Below are some records. Write out exactly their lines from the one with "珠三角多城遭遇重创,省城广州" through the one with "3 выкатных ящика, ниша", and leave the pictures behind.

--- Records for the task ---
-------
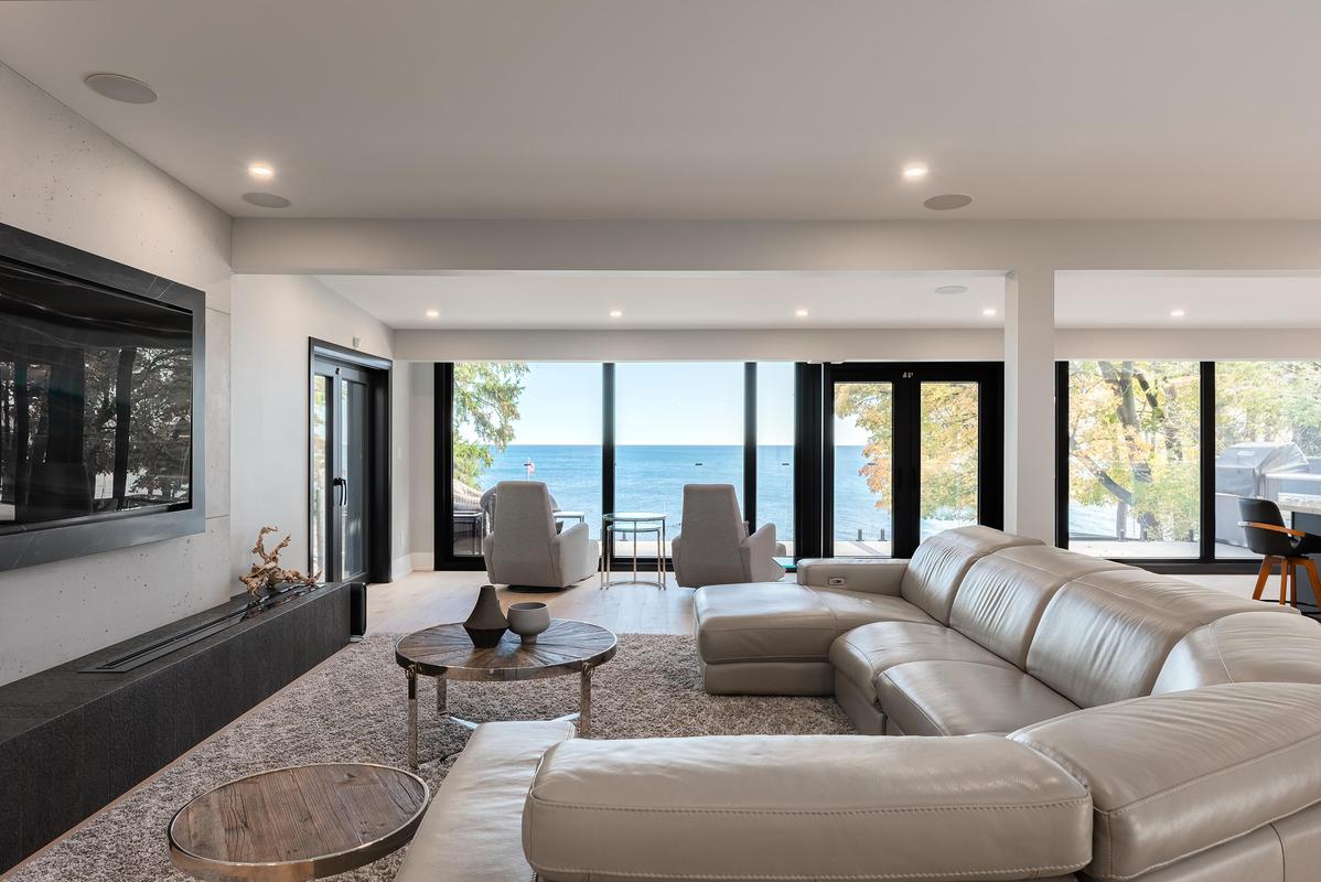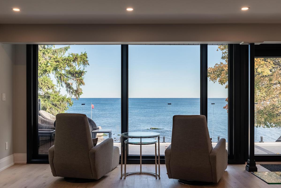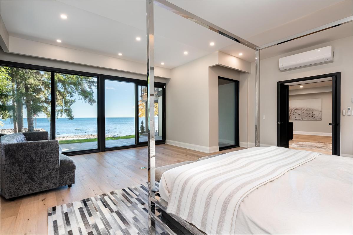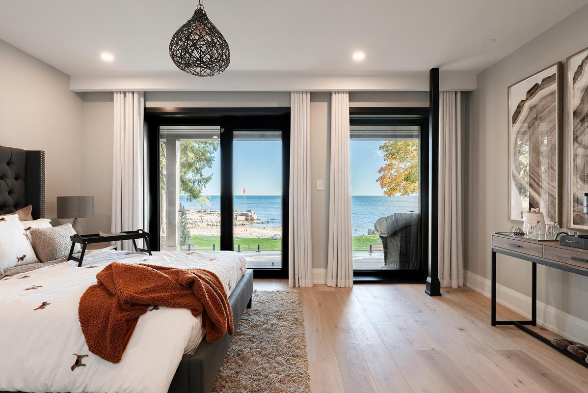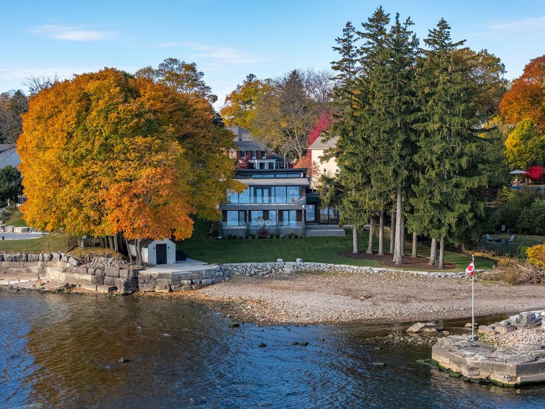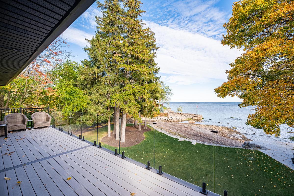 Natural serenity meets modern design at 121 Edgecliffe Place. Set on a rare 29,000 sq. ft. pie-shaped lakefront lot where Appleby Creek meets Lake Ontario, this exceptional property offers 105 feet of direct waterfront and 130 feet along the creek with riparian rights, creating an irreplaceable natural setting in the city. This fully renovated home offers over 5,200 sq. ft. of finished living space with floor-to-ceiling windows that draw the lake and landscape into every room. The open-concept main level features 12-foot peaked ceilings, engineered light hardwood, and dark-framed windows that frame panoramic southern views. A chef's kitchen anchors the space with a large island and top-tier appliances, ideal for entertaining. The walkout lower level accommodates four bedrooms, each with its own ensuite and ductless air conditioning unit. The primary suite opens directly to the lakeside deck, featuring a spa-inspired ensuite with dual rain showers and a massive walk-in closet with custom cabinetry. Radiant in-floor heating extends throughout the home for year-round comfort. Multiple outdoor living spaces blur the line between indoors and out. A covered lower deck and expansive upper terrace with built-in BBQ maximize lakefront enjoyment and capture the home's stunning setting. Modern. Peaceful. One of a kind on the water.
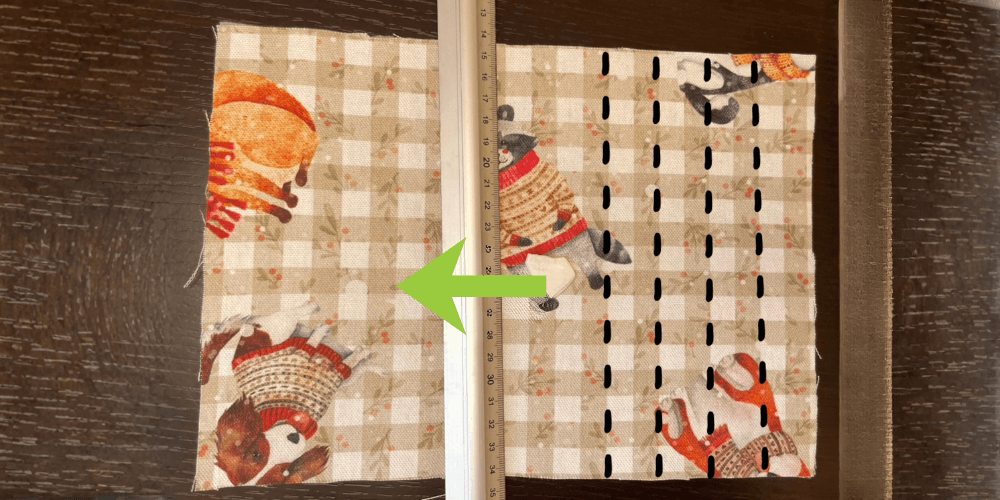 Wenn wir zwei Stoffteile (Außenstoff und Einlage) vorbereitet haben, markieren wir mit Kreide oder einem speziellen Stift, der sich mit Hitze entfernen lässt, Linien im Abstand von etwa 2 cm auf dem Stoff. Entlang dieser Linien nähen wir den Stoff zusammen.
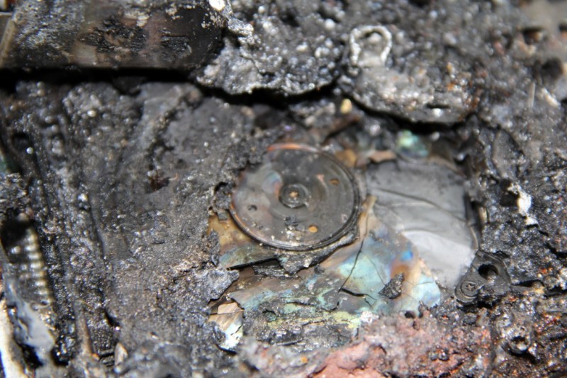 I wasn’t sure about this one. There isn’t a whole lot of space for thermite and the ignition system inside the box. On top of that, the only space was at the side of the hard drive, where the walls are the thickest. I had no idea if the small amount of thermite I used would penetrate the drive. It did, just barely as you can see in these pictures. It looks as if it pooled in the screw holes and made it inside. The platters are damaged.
-------
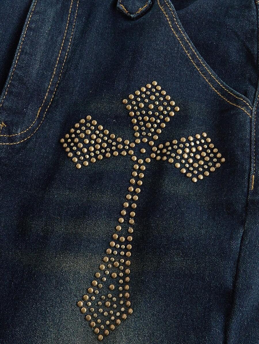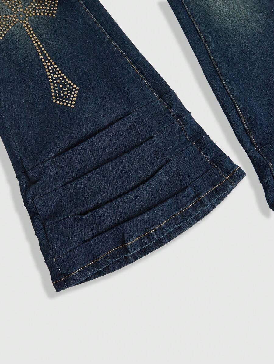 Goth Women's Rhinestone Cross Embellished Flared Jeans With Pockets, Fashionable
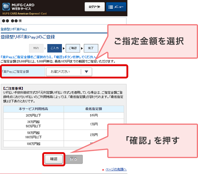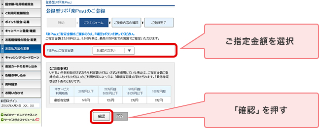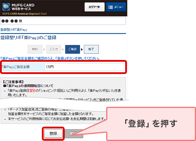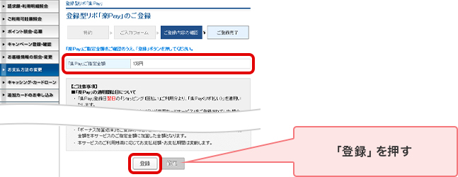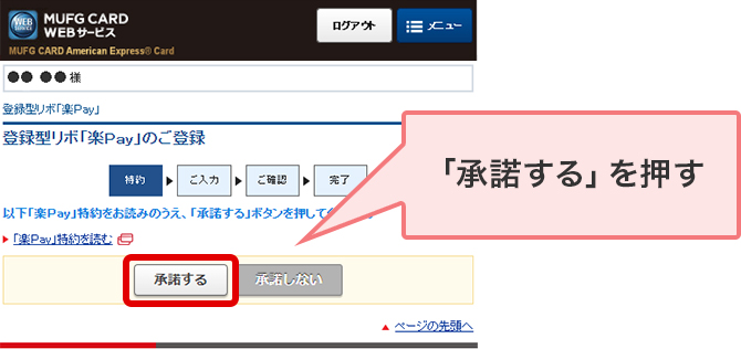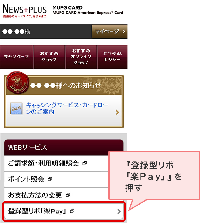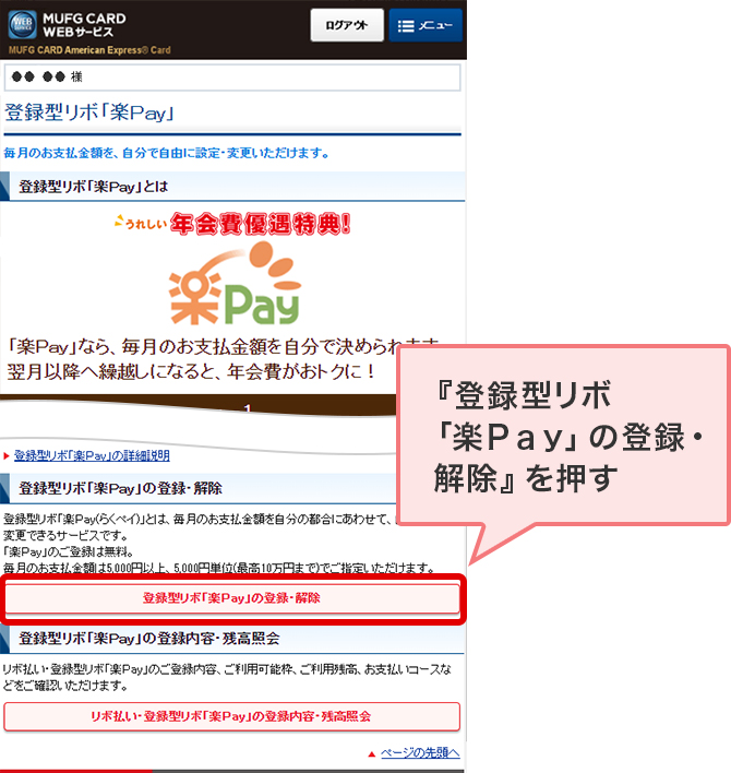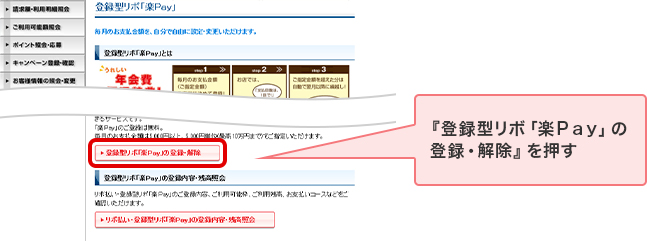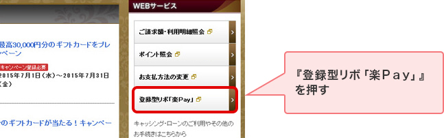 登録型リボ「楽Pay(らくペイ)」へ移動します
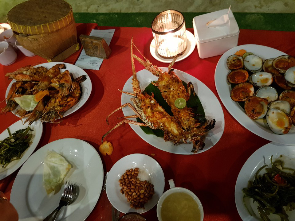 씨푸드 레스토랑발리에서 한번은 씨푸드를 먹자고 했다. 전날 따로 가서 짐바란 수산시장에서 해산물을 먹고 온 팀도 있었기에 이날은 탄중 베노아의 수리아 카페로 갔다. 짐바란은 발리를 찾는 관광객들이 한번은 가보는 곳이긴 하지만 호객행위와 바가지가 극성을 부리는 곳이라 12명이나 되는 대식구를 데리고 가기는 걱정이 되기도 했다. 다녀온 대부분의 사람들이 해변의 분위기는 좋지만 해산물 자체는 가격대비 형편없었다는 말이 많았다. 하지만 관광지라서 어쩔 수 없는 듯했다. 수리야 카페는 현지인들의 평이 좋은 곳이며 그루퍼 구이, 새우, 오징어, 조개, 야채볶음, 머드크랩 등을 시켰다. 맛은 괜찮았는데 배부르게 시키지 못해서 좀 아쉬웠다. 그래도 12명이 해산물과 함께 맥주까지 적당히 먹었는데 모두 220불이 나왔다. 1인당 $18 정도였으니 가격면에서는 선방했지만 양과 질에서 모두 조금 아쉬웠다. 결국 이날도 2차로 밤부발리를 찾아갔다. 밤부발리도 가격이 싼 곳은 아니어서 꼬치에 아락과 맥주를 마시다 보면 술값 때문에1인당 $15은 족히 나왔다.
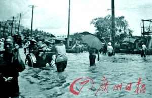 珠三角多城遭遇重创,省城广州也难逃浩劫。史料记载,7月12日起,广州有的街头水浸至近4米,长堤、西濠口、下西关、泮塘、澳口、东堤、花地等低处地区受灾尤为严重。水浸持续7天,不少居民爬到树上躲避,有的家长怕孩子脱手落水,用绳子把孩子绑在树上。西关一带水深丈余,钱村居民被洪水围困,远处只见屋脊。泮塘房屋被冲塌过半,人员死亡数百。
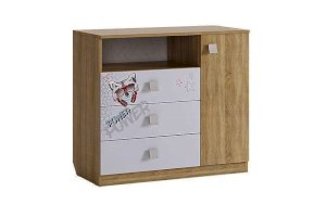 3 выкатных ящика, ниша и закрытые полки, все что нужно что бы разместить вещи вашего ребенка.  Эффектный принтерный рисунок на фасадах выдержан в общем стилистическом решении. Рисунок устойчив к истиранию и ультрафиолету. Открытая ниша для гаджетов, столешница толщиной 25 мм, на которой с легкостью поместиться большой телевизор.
-------
--- Response box ---
 珠三角多城遭遇重创,省城广州也难逃浩劫。史料记载,7月12日起,广州有的街头水浸至近4米,长堤、西濠口、下西关、泮塘、澳口、东堤、花地等低处地区受灾尤为严重。水浸持续7天,不少居民爬到树上躲避,有的家长怕孩子脱手落水,用绳子把孩子绑在树上。西关一带水深丈余,钱村居民被洪水围困,远处只见屋脊。泮塘房屋被冲塌过半,人员死亡数百。
 3 выкатных ящика, ниша и закрытые полки, все что нужно что бы разместить вещи вашего ребенка.  Эффектный принтерный рисунок на фасадах выдержан в общем стилистическом решении. Рисунок устойчив к истиранию и ультрафиолету. Открытая ниша для гаджетов, столешница толщиной 25 мм, на которой с легкостью поместиться большой телевизор.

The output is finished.